■ Information shown
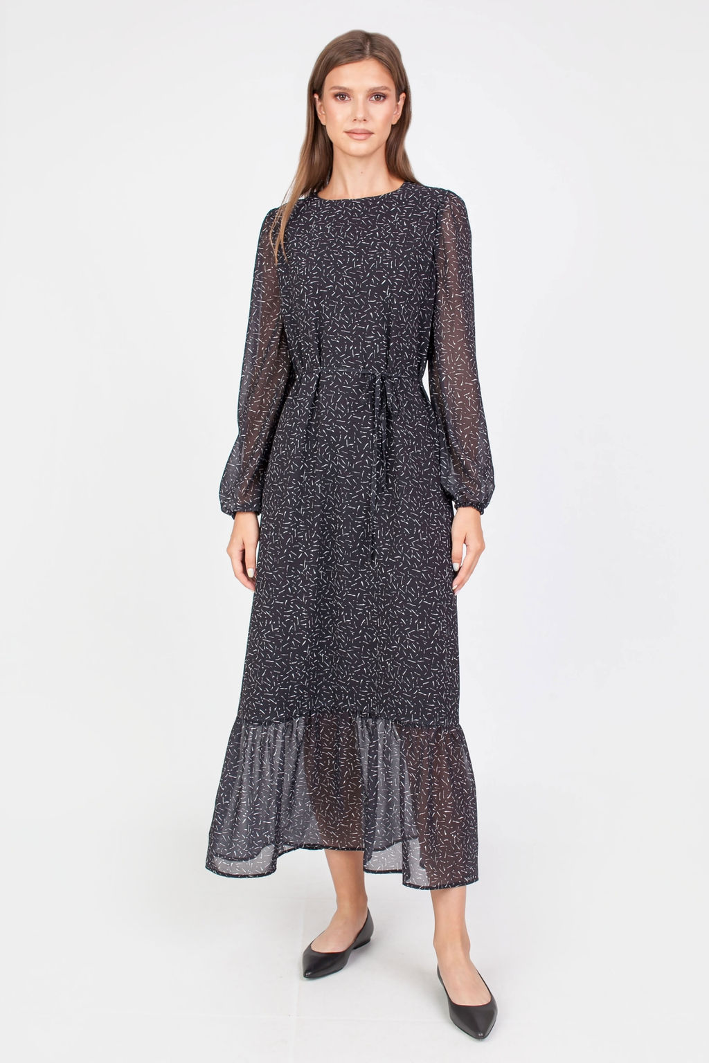 5-3014/783-5065-2 Платье принт белые штрихи на черном фоне
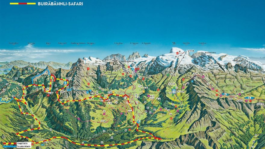 Okruh Buiräbähnli Safari po tradičních farmách v údolí Engelbergu, Švýcarsko.
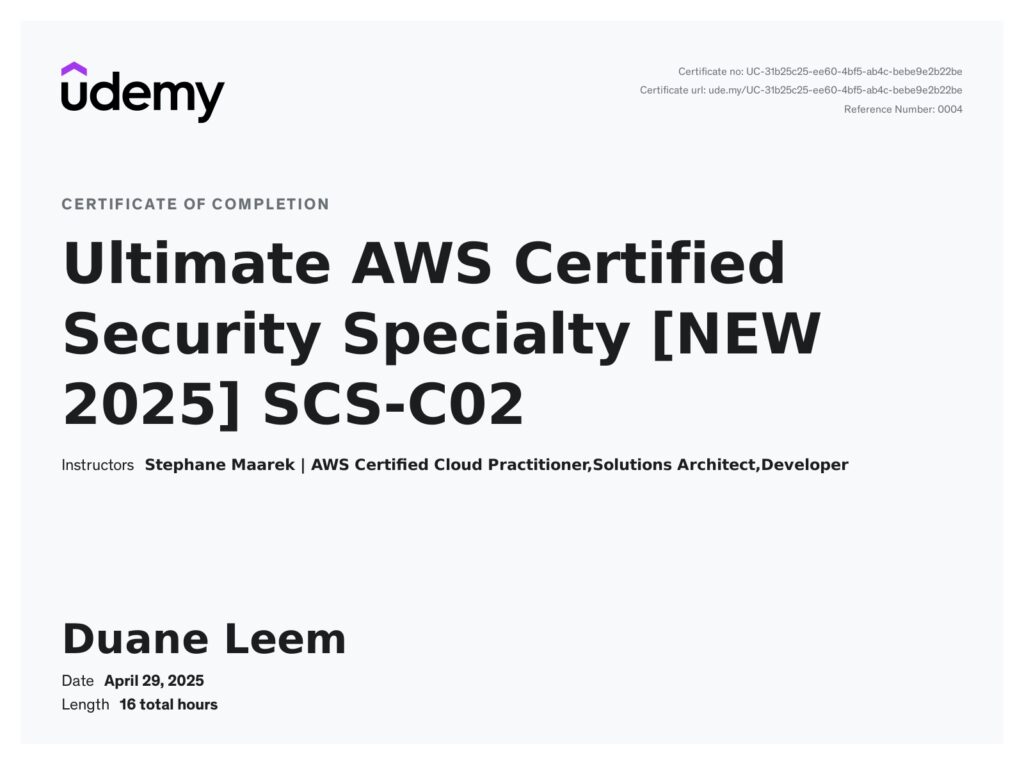 🎉 Just wrapped up Stephane Maarek’s “Ultimate AWS Certified Security Specialty (SCS-C02)” course on Udemy! 🚀
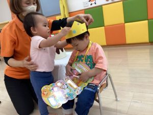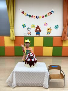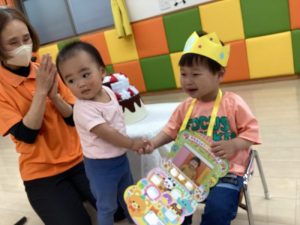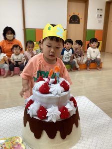 今月はいちご組の男の子がお誕生日の主役でした。ちょっぴり緊張した面持ちでスタートした誕生日会でしたがお友だちや先生にたくさん「おめでとう🎈」と言われてニコニコ笑顔になりました![]()

■ Work instructions
Repeat the material above precisely as it appears, omitting the images it contains.

■ Result below
 5-3014/783-5065-2 Платье принт белые штрихи на черном фоне
 Okruh Buiräbähnli Safari po tradičních farmách v údolí Engelbergu, Švýcarsko.
 🎉 Just wrapped up Stephane Maarek’s “Ultimate AWS Certified Security Specialty (SCS-C02)” course on Udemy! 🚀
 今月はいちご組の男の子がお誕生日の主役でした。ちょっぴり緊張した面持ちでスタートした誕生日会でしたがお友だちや先生にたくさん「おめでとう🎈」と言われてニコニコ笑顔になりました![]()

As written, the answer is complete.